Arbeitgeber lehnen Besserstellung von Gewerkschaftsmitgliedern ab
Die Forderung in der Tarifrunde nach „tariflichen Regelungen zur Wertschätzung von Gewerkschaftsmitgliedern” lehnen die Arbeitgeber ab. Denn eine solche Besserstellung würde zu einer Ungleichbehandlung innerhalb der Belegschaften führen.
Fortsetzung der Tarifverhandlungen am 04. und 05. Februar 2025
Der Landesbezirk und die Bezirke der IGBCE betreuen in den Bundesländern Hessen und Thüringen rund 73.000 Mitglieder.
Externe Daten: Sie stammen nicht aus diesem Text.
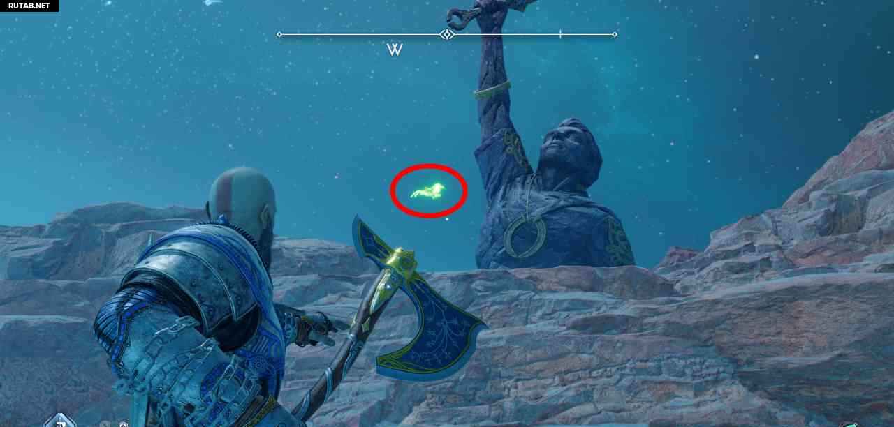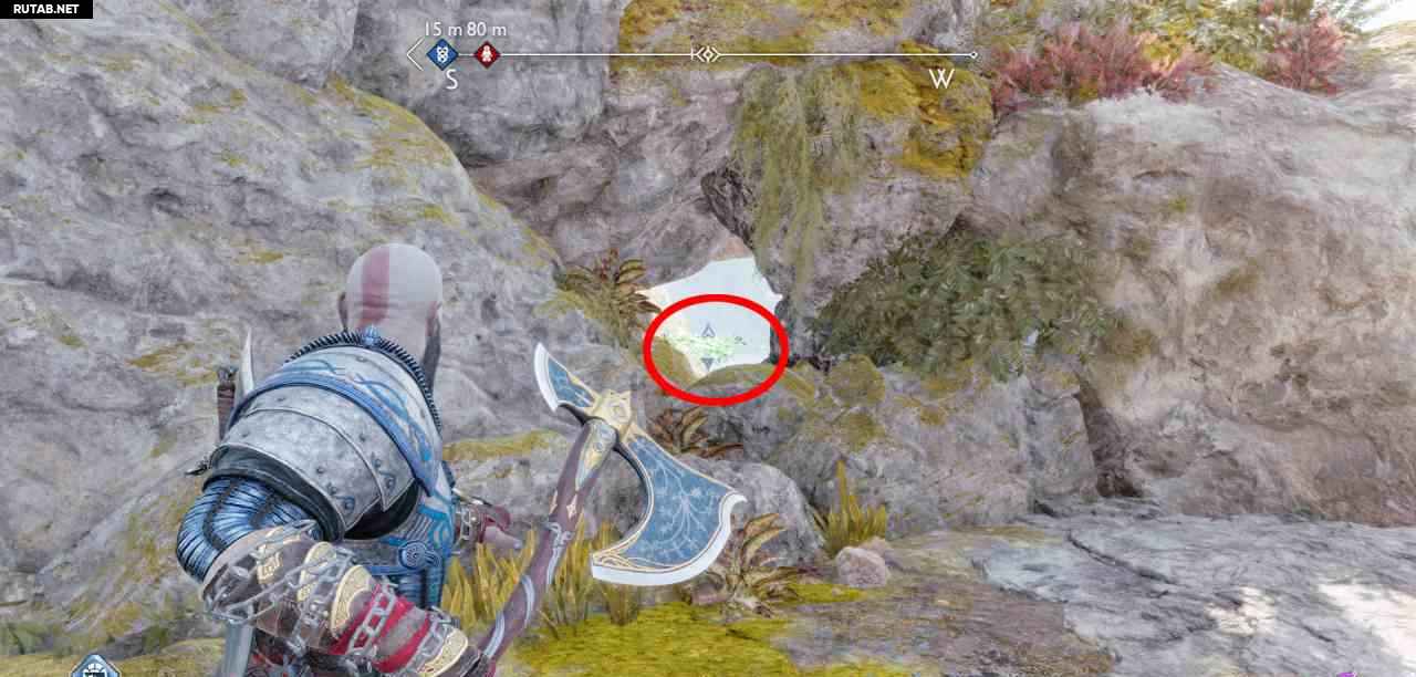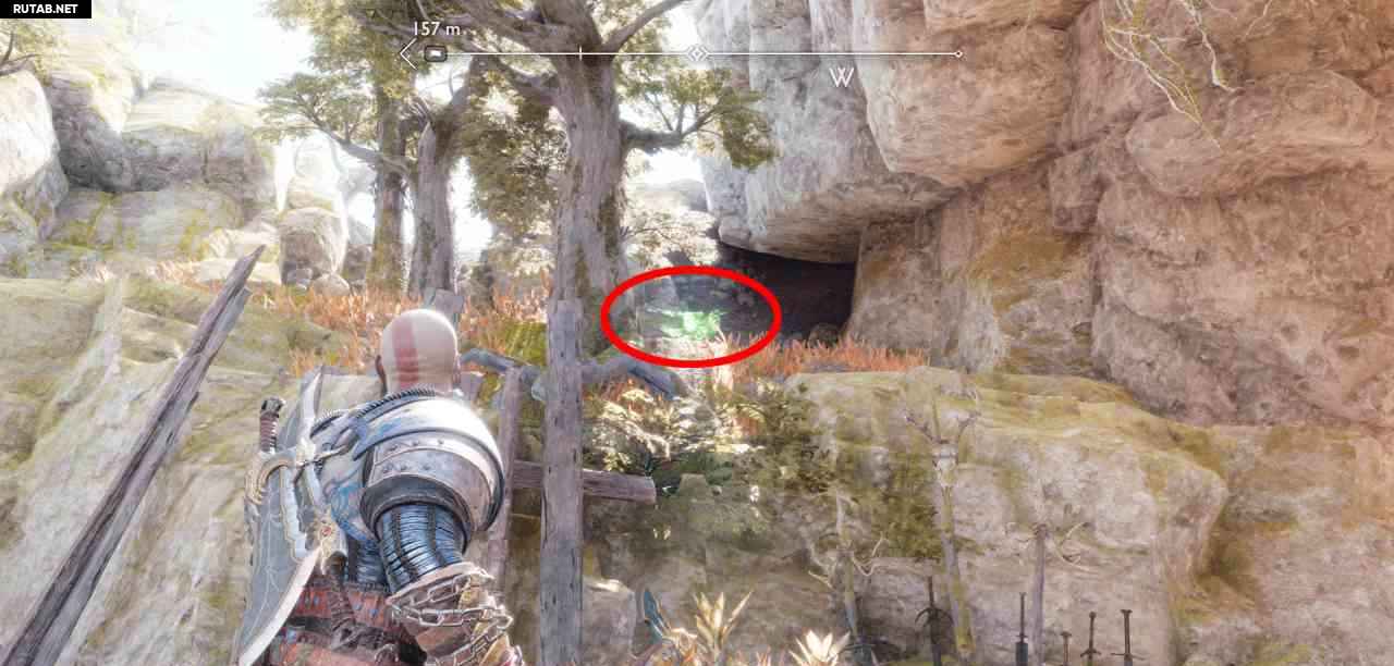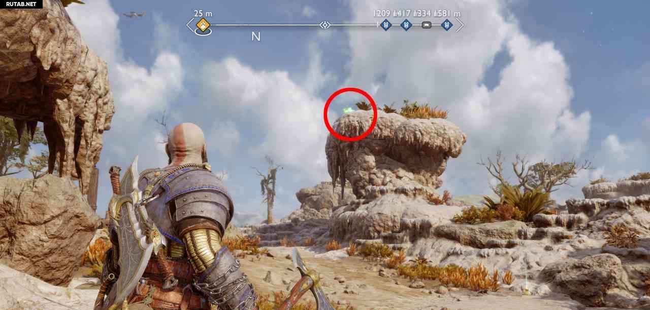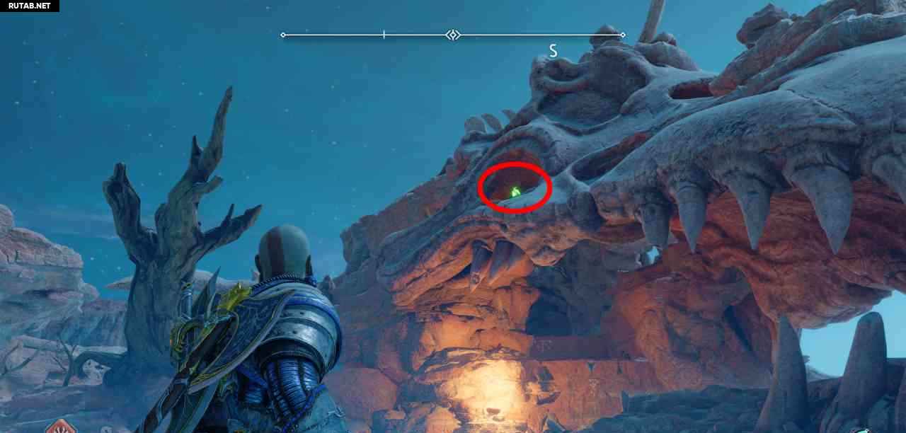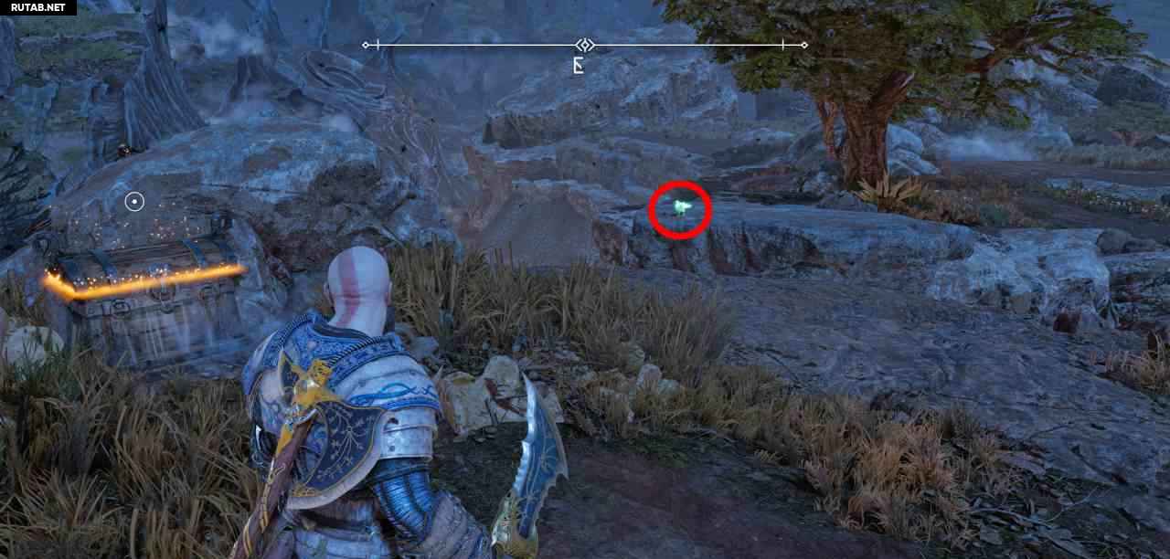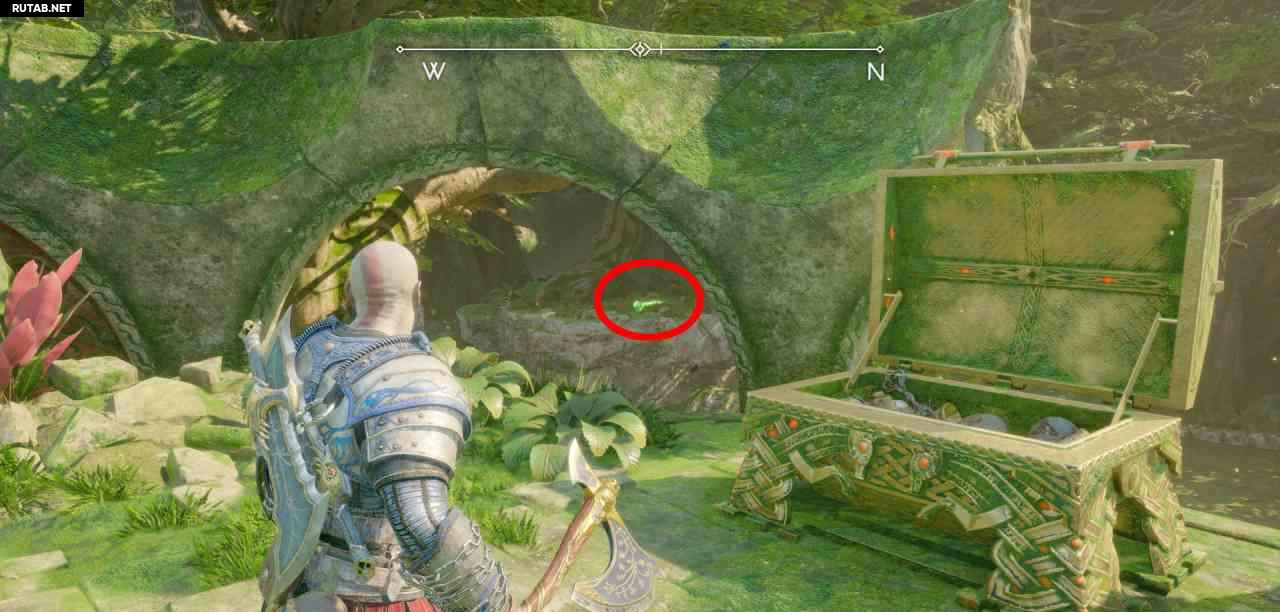 В первой комнате убейте врагов и пока игнорируйте сундук Норн. Поднимитесь по стене за сундуком Норн, затем убейте следующую группу врагов и поднимитесь по золотой цепи. Спрыгните с другой стороны, чтобы найти большую цепь, которую вы должны потянуть, это откроет весь регион, чтобы захватить другие предметы коллекционирования. С того места, где вы тянете эту большую цепь, вы можете увидеть ворона, сидящего на скалах рядом с большой статуей викинга. Легче попасть, если вы подниметесь по тропинке, откуда пришли, а затем бросите топор оттуда.

Im Arbeitgeberverband Hessen-Chemie sind 310 Mitgliedsunternehmen mit 105.000 Beschäftigten der chemisch-pharmazeutischen und kunststoffverarbeitenden Industrie zusammengeschlossen. Die Fachabteilung Kunststoffverarbeitende Industrie umfasst 38 Unternehmen mit rund 5.500 Beschäftigten. Die dritte Verhandlungsrunde ist für den 04. und 05. Februar 2025 vorgesehen. Die Tarifvertragsparteien treffen sich dazu in Niedernhausen.